Fällt die Formel 1 einem Super-Taifun zum Opfer?

Ruhiges Wetter am Wochenende in Deutschland. Dagegen ein Taifun der Superlative direkt vor Japans Haustüre. Das bekannte Formel 1- Rennen in Suzuka ist gefährdert. Der Taifun bringt Böen bis 200 km/h.

Johannes Habermehl Johannes Habermehl 09 Okt 2019 - 11:02 UTC
Taifun Hagibis
Taifun Hagibis zieht nach Japan und gefährdet dort am Wochenende das Formel1- Rennen in Suzuka.

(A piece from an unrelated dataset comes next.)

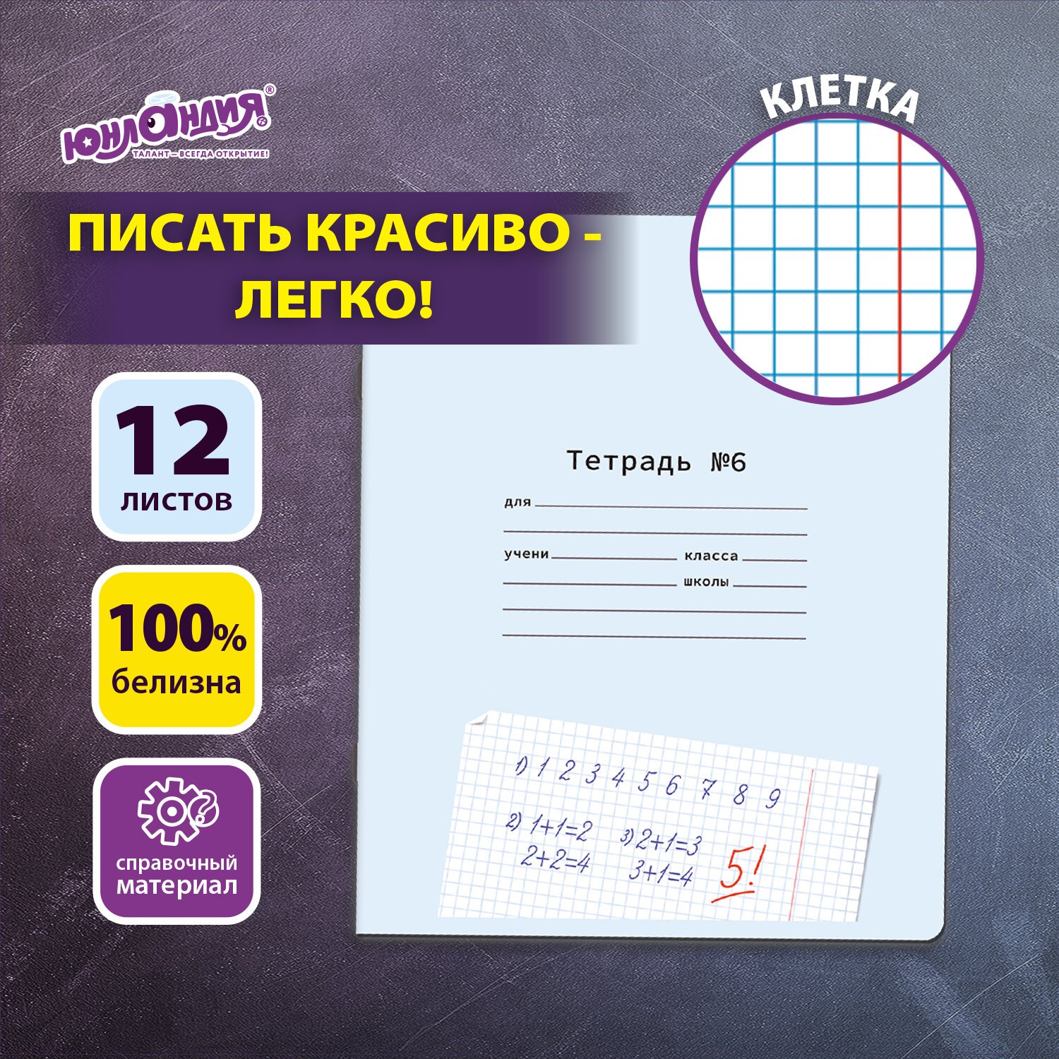 Тетрадь УЧУСЬ ПИСАТЬ № 6 12 л. клетка, со справочным материалом, обложка картон, ЮНЛАНДИЯ, 404849

Die vergangenen Tage haben wir oft über Hurrikans gesprochen. So heißen diese Wirbelstürme auf dem Atlantik. Auf dem Pazifik nennt man das ganze Taifun und Zyklon heißt es übrigens im Indischen Ozean. Nun zieht eben so ein extrem große Taifun Richtung Südjapan. Er trägt den Namen Hagibis. Und er hat es in sich. Derzeit ist es noch weit weg von Japan und hat Spitzenböen bis zu 300 km/h.

In den kommenden Tagen zieht er weiter Richtung Süd-Japan. Und genau dort findet an diesem Wochenende Das Formel 1- Rennen statt. Das könnte sehr gefährlich werden, denn der Sturm kommt dort am Samstag mit voller Wucht an, also mitten in den Vorbereitungen und den Trainingsrunden und das ist natürlich sehr gefährlich. Die Böen könnten nach den aktuellen Berechnungen bis zu 200 km/h betragen und das beim Landgang.

Rennen in Suzuka ist massiv gefährdet

Landgang bedeutet, dass der Taifun mit seinem Windfeld auf Land trifft, in diesem Fall auf Japan. Dabei schwächt er sich etwas ab. Das kommt durch die Reibung mit der Landfläche zustande. Allerdings bleibt sein Zentrum, auch Auge genannt, die ganze Zeit auf dem Pazifik. Daher schwächt er sich nicht allzu stark ab und bleibt weiter gefährlich.

Taifun mit Starkregen
Der Taifun Hagibis bringt heftigen Regen und dadurch drohen Überflutungen.

Ein Problem sind auch die immensen Regenmengen. Da können binnen weniger Stunden bis zu 400 mm Niederschlag vom Himmel kommen. Das führt entsprechend zu Überflutungen und Schäden an der Infrastruktur. Schon allein aus diesen Gründen sollte man überdenken, ob man das Rennen nicht doch besser absagen sollte.

Goldener Oktober in Deutschland

Bei uns in Deutschland wird es dagegen richtig schön werden. Das Hoch Lisbeth streckt seine Fühler besonders in den Süden und auch in die Mitte von Deutschland aus. Daher wird es hier am Samstag und auch am Sonntag recht sonnig und trocken sein. Die Höchstwerte erreichen dabei bis zu 26 Grad. Das sind die absoluten Höchstwerte. Bei 25 Grad spricht man sogar noch einmal von einem Sommertage.

Rund um die See wird es allerdings eher leicht wechselhaft bleiben. Dort sind Tiefs unterwegs und die bringen stellenweise dichte Wolken, aber auch mal Regen. Mit Werten um 15 Grad bleibt es hier kühler. Sonst kann man das Wochenende für Outdoor-Aktivitäten nutzen.